● **PROBLEM STATEMENT**:
Look below for the line containing "سولفات آهن (III) آبدار"; from there through the line containing "Het perceel waarop", both lines included, please set down each line exactly and nothing else.

● **DATA PROVIDED**:
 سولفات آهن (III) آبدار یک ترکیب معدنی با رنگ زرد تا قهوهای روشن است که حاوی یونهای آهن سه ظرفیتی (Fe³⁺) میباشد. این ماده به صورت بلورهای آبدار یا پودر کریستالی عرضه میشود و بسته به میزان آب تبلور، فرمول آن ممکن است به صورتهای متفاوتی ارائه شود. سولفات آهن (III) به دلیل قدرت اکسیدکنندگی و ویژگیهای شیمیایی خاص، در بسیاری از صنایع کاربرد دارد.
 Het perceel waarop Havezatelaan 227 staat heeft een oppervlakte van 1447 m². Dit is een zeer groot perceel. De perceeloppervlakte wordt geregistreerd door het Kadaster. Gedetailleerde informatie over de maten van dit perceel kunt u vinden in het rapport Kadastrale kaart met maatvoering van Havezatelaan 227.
* * *
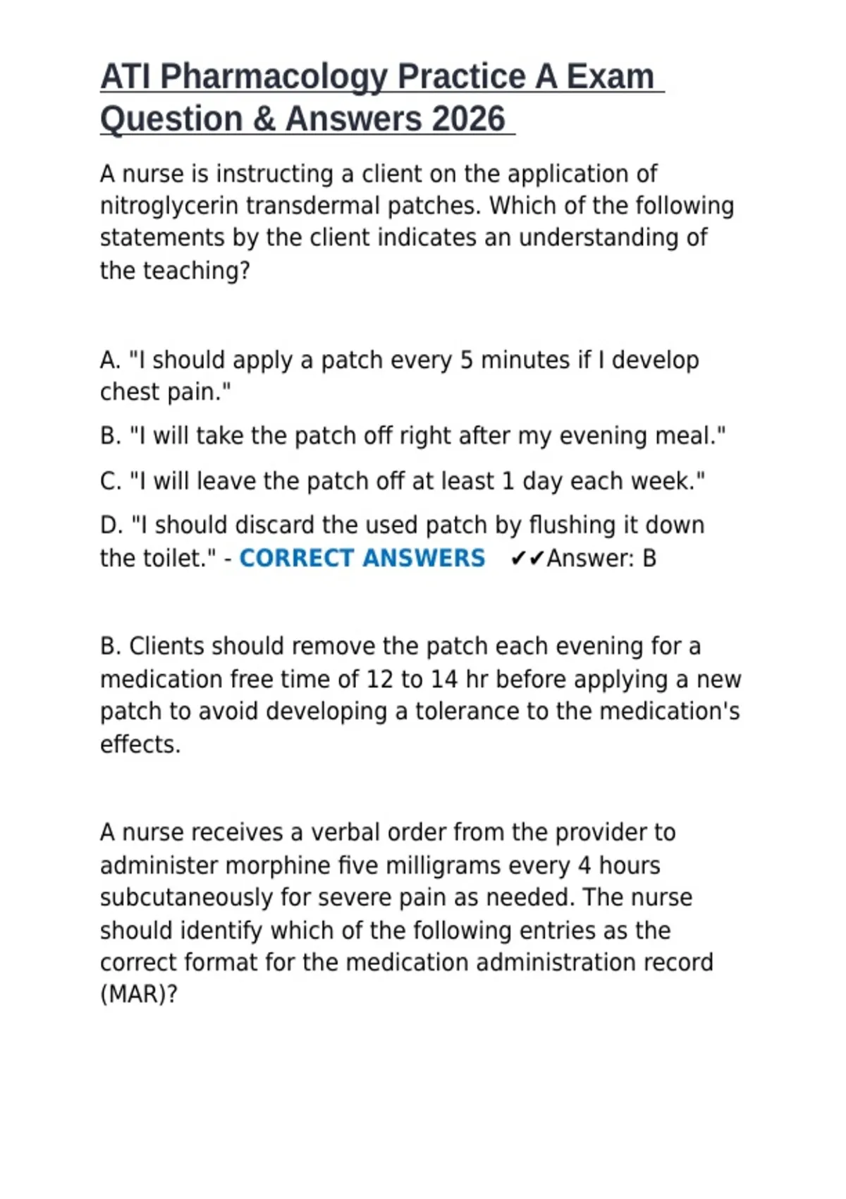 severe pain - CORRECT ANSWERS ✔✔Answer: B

● **REPLY**:
 سولفات آهن (III) آبدار یک ترکیب معدنی با رنگ زرد تا قهوهای روشن است که حاوی یونهای آهن سه ظرفیتی (Fe³⁺) میباشد. این ماده به صورت بلورهای آبدار یا پودر کریستالی عرضه میشود و بسته به میزان آب تبلور، فرمول آن ممکن است به صورتهای متفاوتی ارائه شود. سولفات آهن (III) به دلیل قدرت اکسیدکنندگی و ویژگیهای شیمیایی خاص، در بسیاری از صنایع کاربرد دارد.
 Het perceel waarop Havezatelaan 227 staat heeft een oppervlakte van 1447 m². Dit is een zeer groot perceel. De perceeloppervlakte wordt geregistreerd door het Kadaster. Gedetailleerde informatie over de maten van dit perceel kunt u vinden in het rapport Kadastrale kaart met maatvoering van Havezatelaan 227.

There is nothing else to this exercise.